Even if the intentions are good, increased attentiveness from your boss can make you feel anxious.
I have written before that I believe most people want to do good work for its own sake. If you are intrinsically motivated to do your best, then you naturally reach for accomplishment each day. But if you feel like you are being closely watched, you probably feel something else too — a need to demonstrate to your boss how productive you really are.
This pressure can lead to unnatural behavior. Maybe you over-communicate minor progress updates to your boss. Or perhaps you are extra eager to pick up any task to show you are valuable and available. For people who are working remotely for the first time — particularly now, as job security is top-of-mind — the instinct to self-preserve can outweigh common sense. And when you are trying extra hard to show you are productive, any criticism stings more than usual.
You want to show your expertise and how you are delivering value — which requires proactive proof.
Sure, your boss is hovering. But that does not mean that your boss is a jerk who does not trust or believe in your abilities. Most people are trying to do their best and adjusting to working in an entirely new way. Instead of fretting over why you are under the microscope, show what you have achieved and what you plan to do next. This will help you develop a healthy relationship built on trust and transparency so you can get back to doing what you do well. Here is how:
Link activity to goals
Every company has goals — even if those success signs are nebulous or not shared widely. You may only know the metrics for your team versus the overall organization. Regardless, you need to show how your work supports business objectives. When you are prioritizing projects or activities, take note of what the associated goal might be. Then when your boss checks in, you can quickly show how your effort is contributing to the broader business.
Focus on achievement
Busy work is a waste of time. Define what you plan to accomplish — not hours worked or meaningless tasks. Outputs can be tangible deliverables or key milestones in workflows. If you find yourself spending too much time on busy work that prevents progress on those real outputs, speak up and let your boss know before they start poking around.
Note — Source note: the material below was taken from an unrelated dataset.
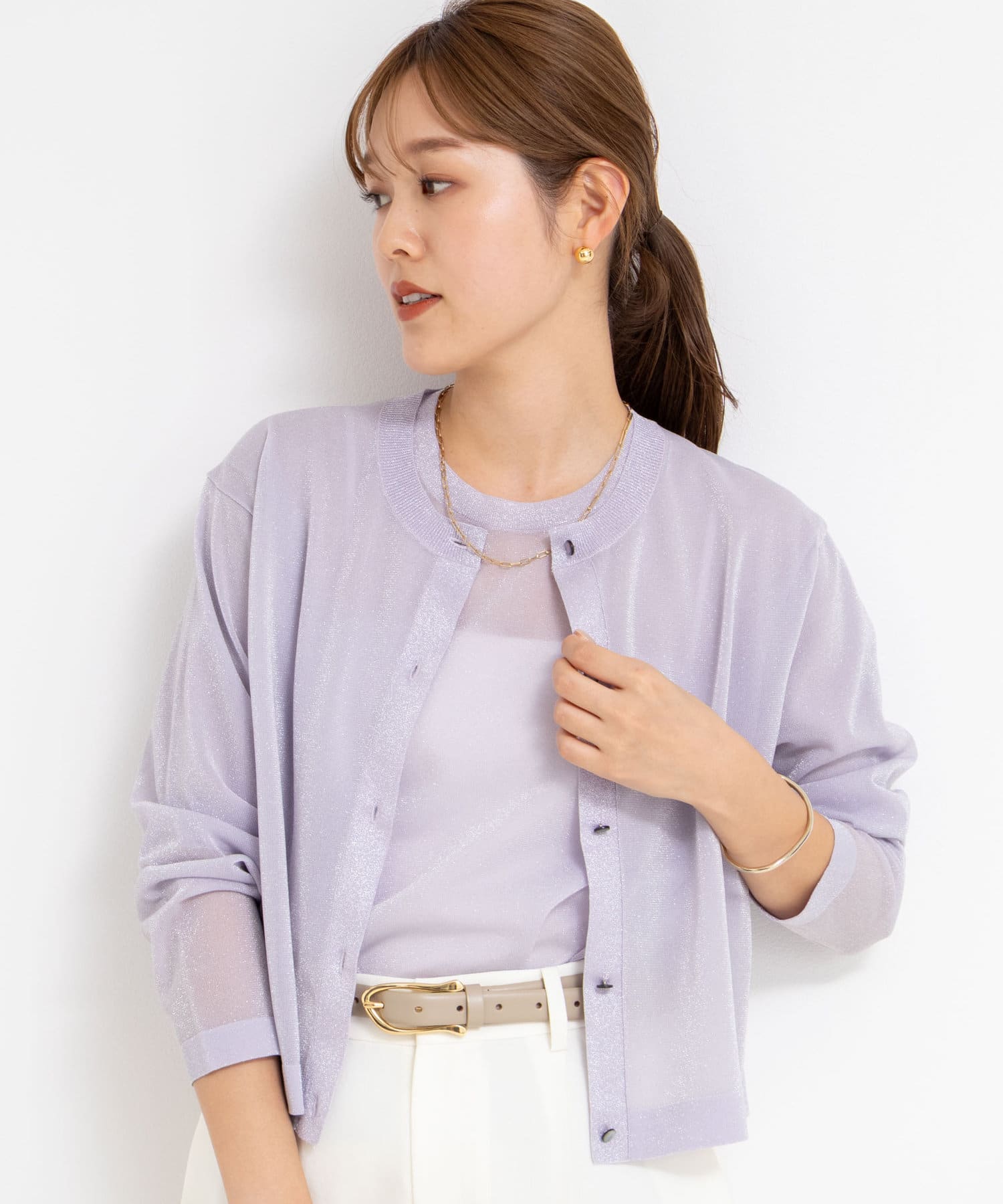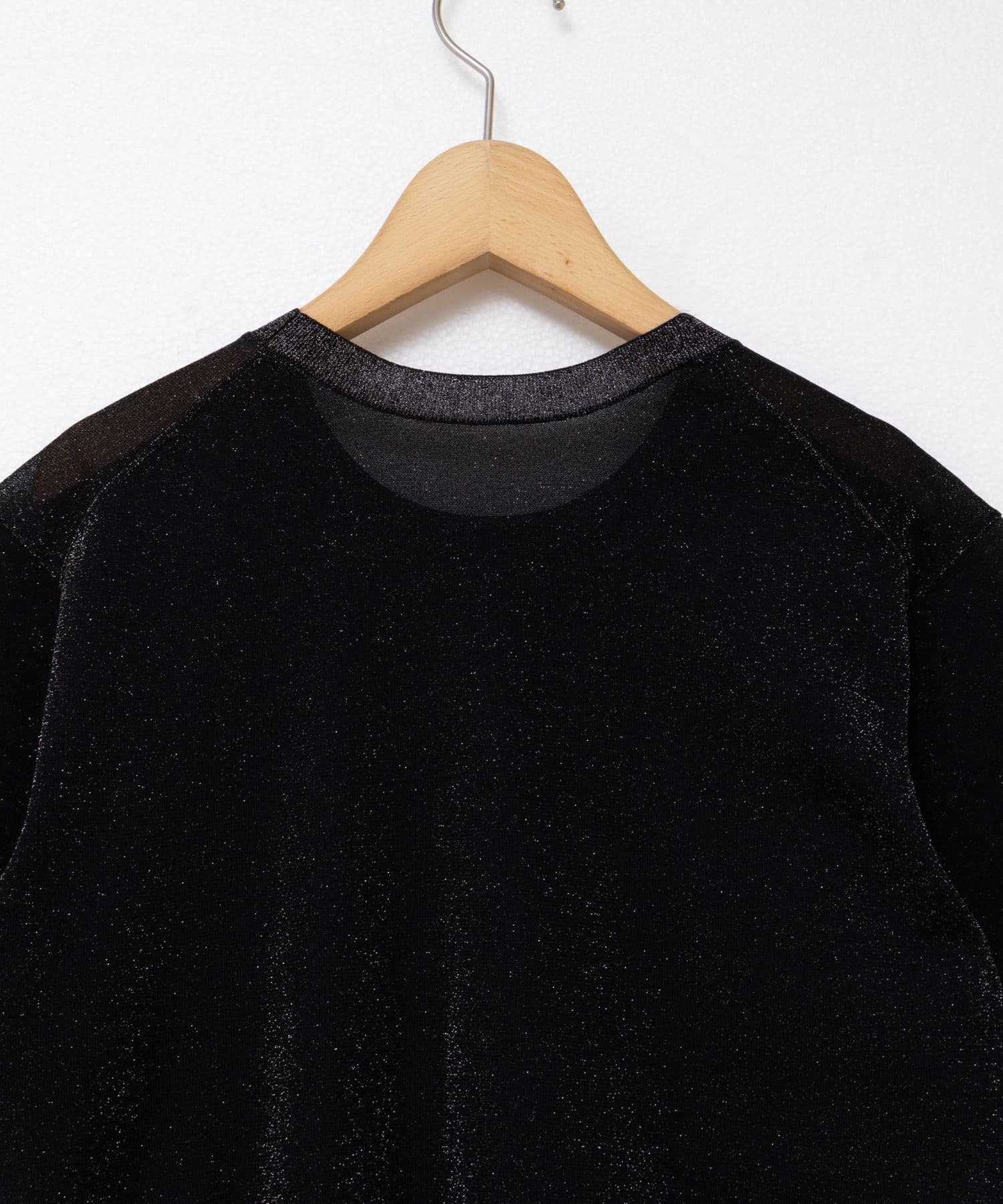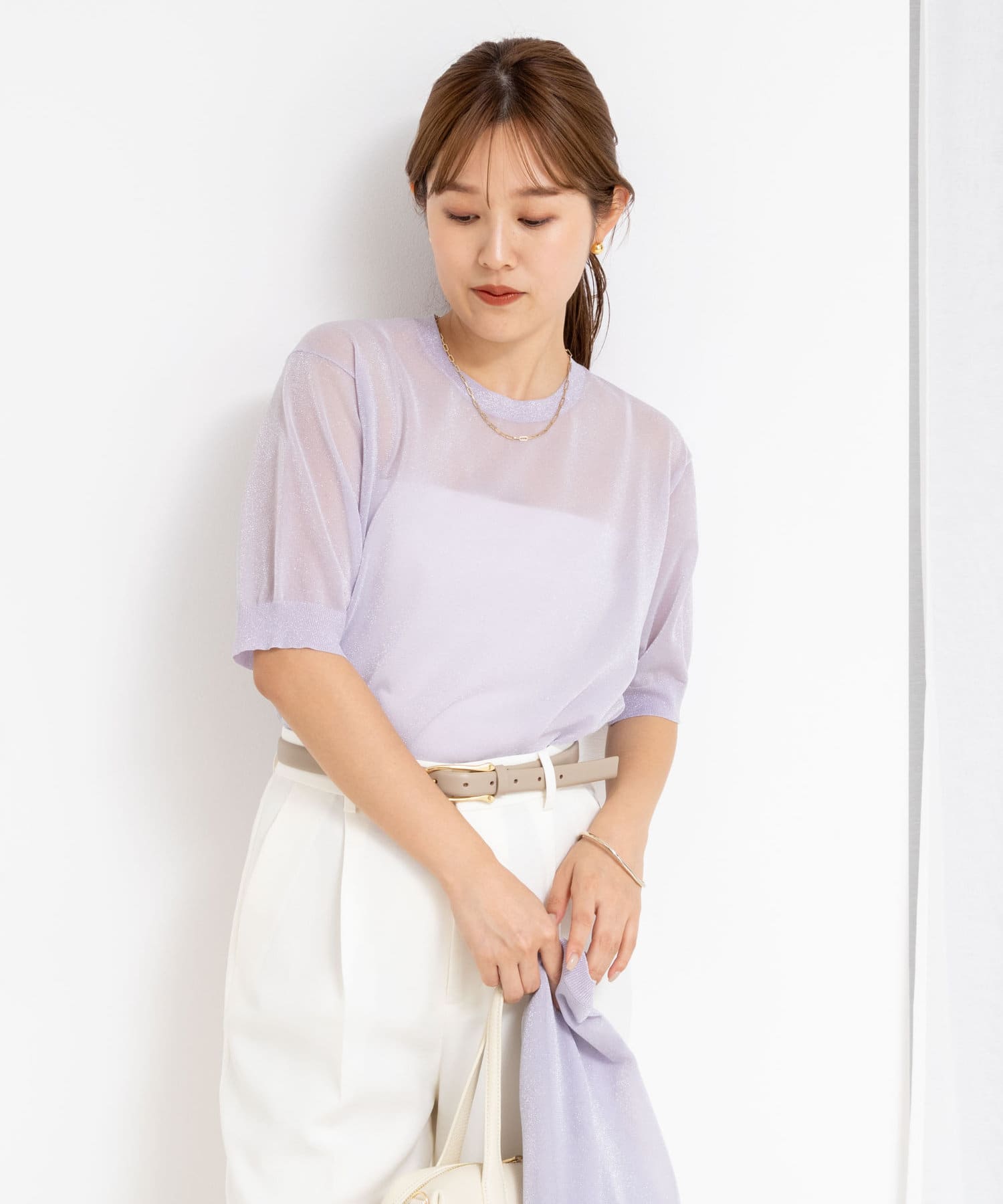 ・ほんのりラメが煌めくシアー素材の天竺編みプルオーバーニット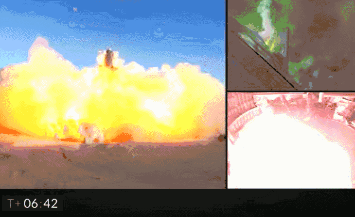 正当飞船准备着陆时,SN8撞向地面爆炸,瞬间整个飞船陷入火海,

Even if it feels bad, your boss is hovering for a good reason. So show how your work is progressing — without waiting to be asked. Choose a format that allows your boss to access and easily view. You might even create weekly reports that are easy for your boss to digest at a glance.
Make meetings work
Provide updates about your work during regularly scheduled meetings with your boss. Come to these meetings prepared with a list of open items to discuss. Agendas keep meetings structured and productive and show that you are eager to discuss your work and keep things moving.
Transparency signals to your boss that you are trustworthy and invested in doing the right thing. Be honest about roadblocks that may be preventing your success. Rather than hibernating to chew on a hard project — ask for help. Your sincerity will show through.
When you take accountability and proactively share your progress, you will find that there is no need to hide.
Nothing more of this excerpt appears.